This webinar was presented for a seminar to a group of quantitative researchers (mostly statisticians) at the University of Melbourne. Abstract is below.
Topics covered: context of data integration, PCA solved with NIPALS algorithm and SVD, sparse PCA, correlation circle plot interpretation, PLS algorithms and deflation modes, sparse PLS.
Technological improvements have allowed for the collection of data from different types of molecules (e.g. genes, proteins, metabolites, microorganisms) resulting in multiple ‘omics data (e.g. transcriptomics, proteomics, metabolomics, microbiome) measured from the same set N of biospecimens or individuals. In this talk I will introduce the statistical integration of these multi-omics data to shed more light into a biological system.

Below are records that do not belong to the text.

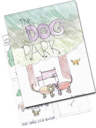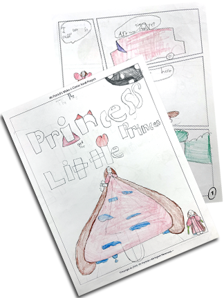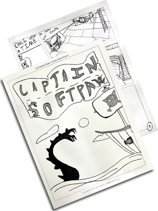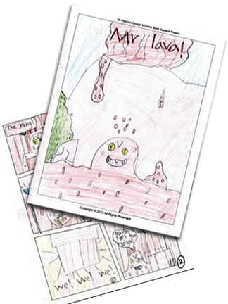 On the left, right and bottom are actual examples of completed comic books made by participants in my Intro to Cartooning & Comic Books classes and camps.
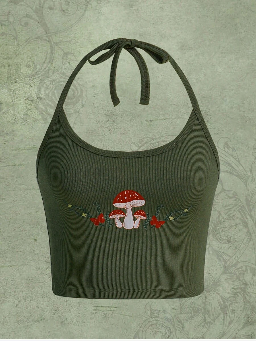 Fairycore Top Ras-Du-Cou Imprimé Champignon
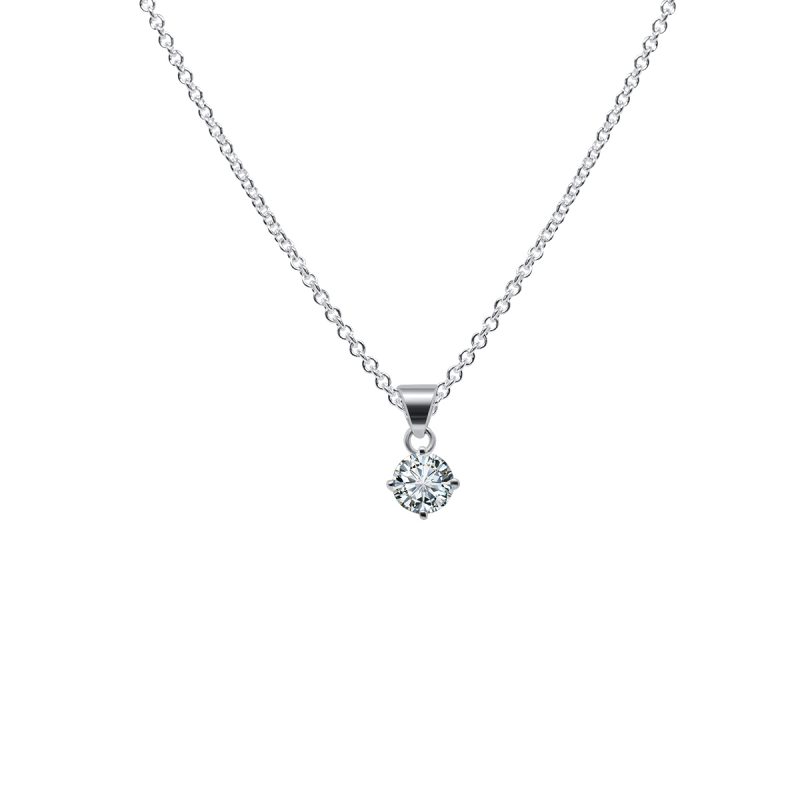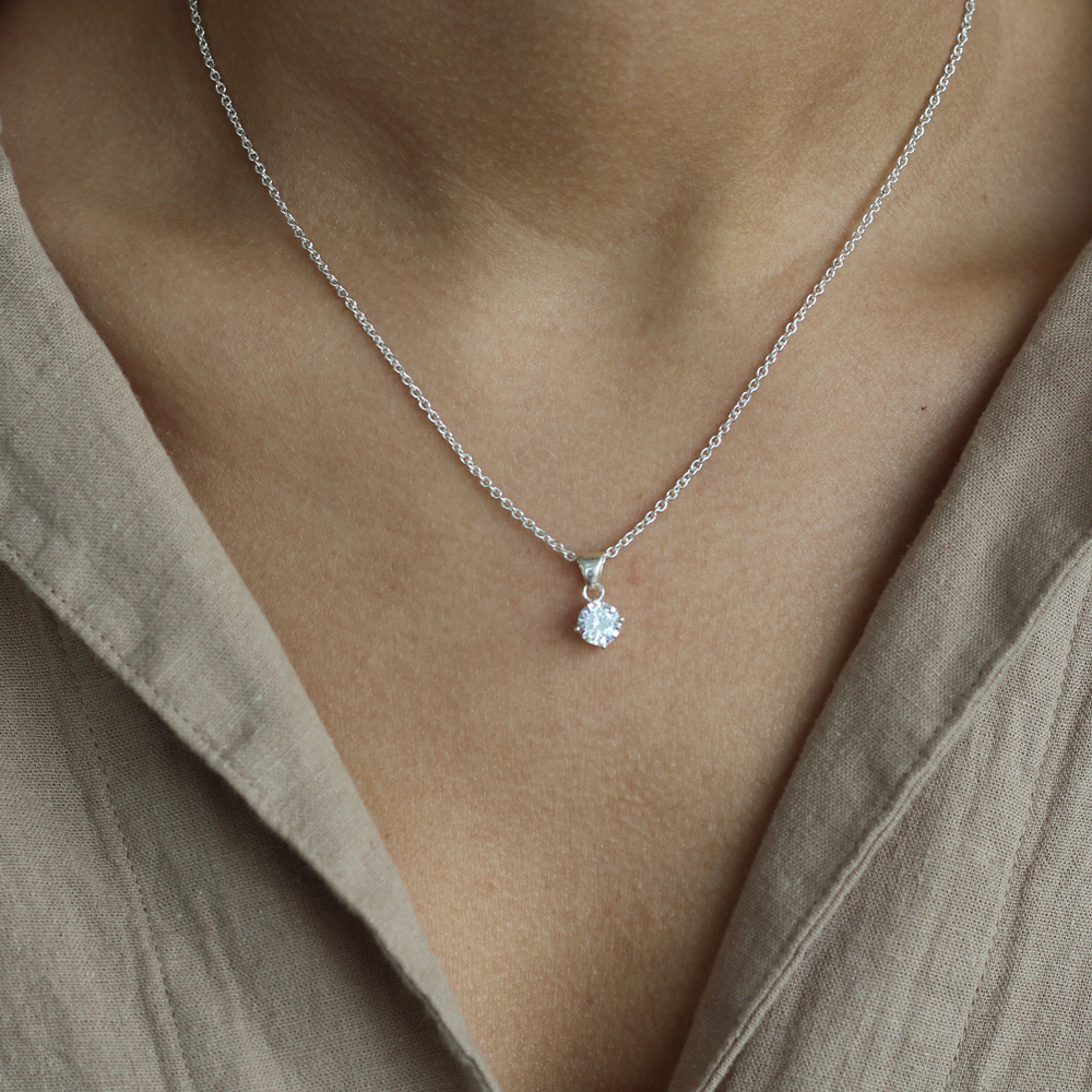 Vit/transparent cubic zirkonia rundslipad, omsluten av äkta silver.
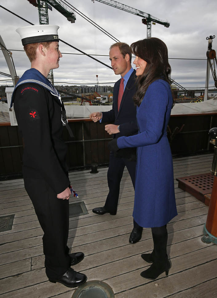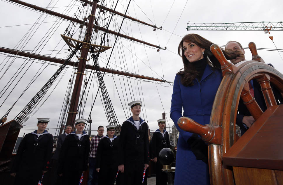 Prince William and Princess Catherine are in Scotland. Today they visited The Corner and participated in an anti-bullying workshop. They also climbed aboard the Royal Research Ship Discovery in Dundee. I like these shots of them at the wheel. I mean imagine if he actually started shouting “I’m the king of the world”? It’s kind of true.
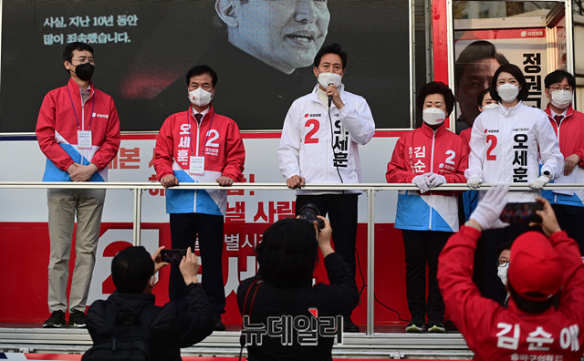 [포토] 오세훈 지원유세 나선 '배현진-김웅'
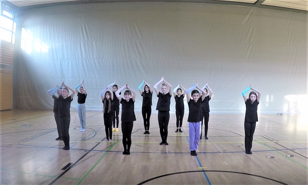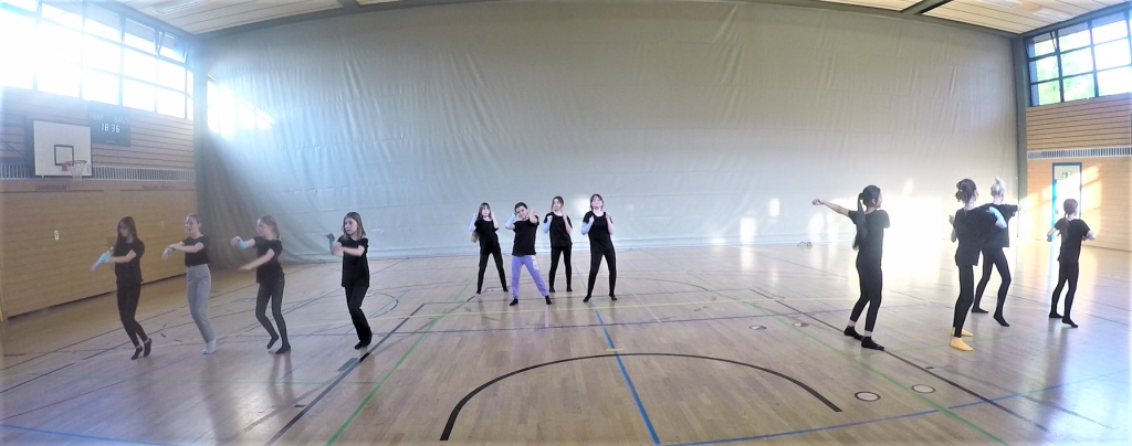 Die Mädels des Profils Tanz übernachteten in der Schule, um als Team noch besser zusammenzuwachsen und um vor den Bezirksmeisterschaften ihren Tanz einmal auf der Größe der Wettkampffläche üben zu können. Normalerweise trainieren die 5.Klässlerinnen in einem Ballettstudio, das viele Vorteile bietet, die Tiefe von 12m hat aber nur unsere Turnhalle.
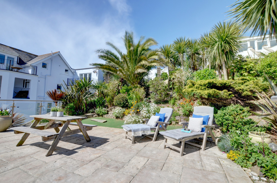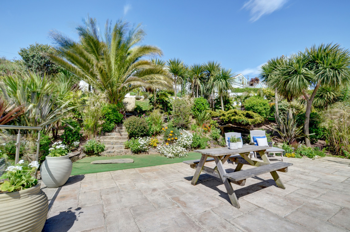 Outdoors: Terraced garden and two raised terraces with garden furniture

Integrating data include numerous challenges – data are complex and large, each with few samples (N < 50) and many molecules (P > 10,000), and generated using different technologies. I will present PLS (Partial Least Squares / Projection to Latent Structures developed by Wold in the 1980s) as an algorithm of choice for data integration of small N large P problems. These variants form the basis of our comprehensive mixOmics R package for feature selection, dimension reduction and integration of omics data sets. This talk is targeted at a general audience with background knowledge in statistics and interest in large data
The webinar was re-recorded for the PLS section.